PROVIDED MATERIAL ▸
*****

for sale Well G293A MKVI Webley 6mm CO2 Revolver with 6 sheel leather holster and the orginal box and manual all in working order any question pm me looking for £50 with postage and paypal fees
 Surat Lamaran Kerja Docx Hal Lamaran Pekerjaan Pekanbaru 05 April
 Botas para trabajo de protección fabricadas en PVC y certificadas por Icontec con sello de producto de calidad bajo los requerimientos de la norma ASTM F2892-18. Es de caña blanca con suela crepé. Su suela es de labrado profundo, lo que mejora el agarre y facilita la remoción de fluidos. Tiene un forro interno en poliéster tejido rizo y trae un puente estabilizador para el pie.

*****

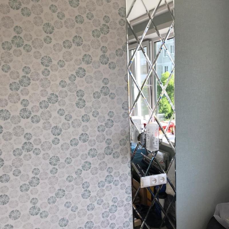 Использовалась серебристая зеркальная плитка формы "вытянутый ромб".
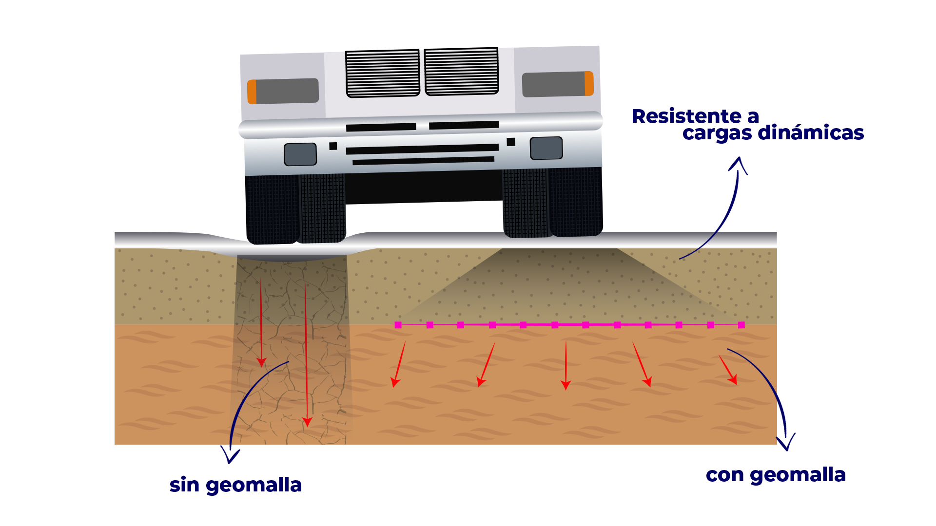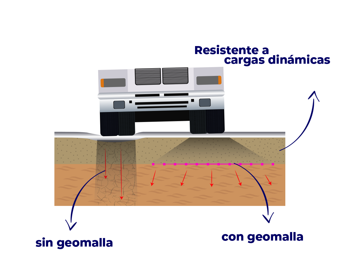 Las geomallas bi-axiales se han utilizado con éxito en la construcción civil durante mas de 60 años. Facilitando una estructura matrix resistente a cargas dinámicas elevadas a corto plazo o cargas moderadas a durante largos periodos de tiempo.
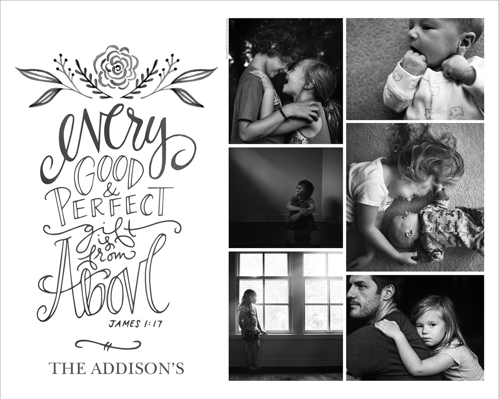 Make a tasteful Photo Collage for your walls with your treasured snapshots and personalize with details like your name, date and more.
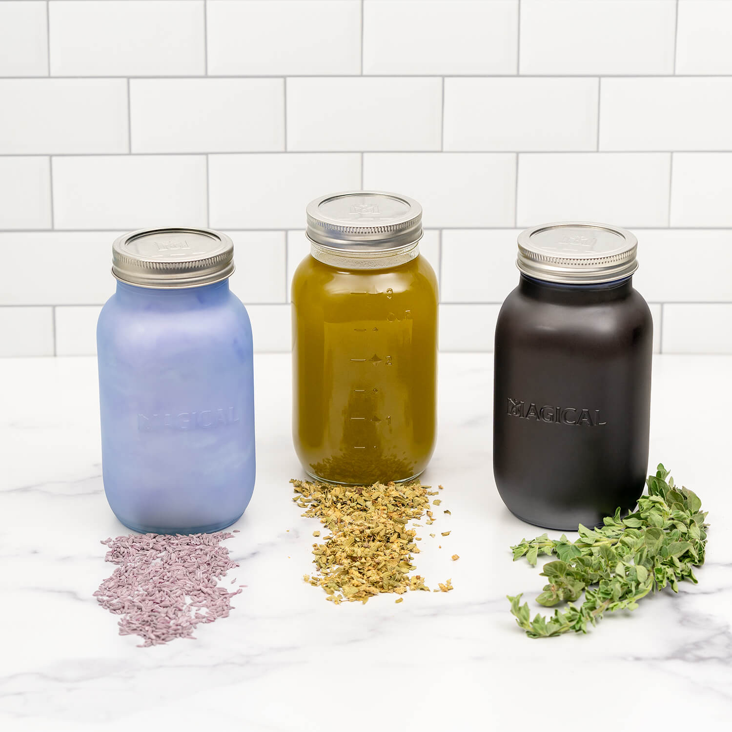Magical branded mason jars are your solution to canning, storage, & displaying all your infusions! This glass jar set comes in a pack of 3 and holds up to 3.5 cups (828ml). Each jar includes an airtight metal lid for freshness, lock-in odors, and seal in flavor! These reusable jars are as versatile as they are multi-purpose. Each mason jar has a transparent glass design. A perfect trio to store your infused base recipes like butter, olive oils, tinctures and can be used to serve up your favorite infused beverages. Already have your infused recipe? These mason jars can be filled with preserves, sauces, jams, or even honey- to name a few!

*****

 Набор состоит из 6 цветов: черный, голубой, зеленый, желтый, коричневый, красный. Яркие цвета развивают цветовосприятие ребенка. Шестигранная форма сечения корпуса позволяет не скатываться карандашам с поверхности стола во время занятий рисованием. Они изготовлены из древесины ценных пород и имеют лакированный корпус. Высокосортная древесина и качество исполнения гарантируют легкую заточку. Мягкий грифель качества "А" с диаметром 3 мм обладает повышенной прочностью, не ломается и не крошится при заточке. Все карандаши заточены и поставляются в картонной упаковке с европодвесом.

*****

THE TASK ▸
Looking at the entries above, can you reproduce exactly the lines from the one that holds "for sale Well" through the one that holds "Surat Lamaran Kerja", and only those?

EXERCISE RESPONSE ▸
for sale Well G293A MKVI Webley 6mm CO2 Revolver with 6 sheel leather holster and the orginal box and manual all in working order any question pm me looking for £50 with postage and paypal fees
 Surat Lamaran Kerja Docx Hal Lamaran Pekerjaan Pekanbaru 05 April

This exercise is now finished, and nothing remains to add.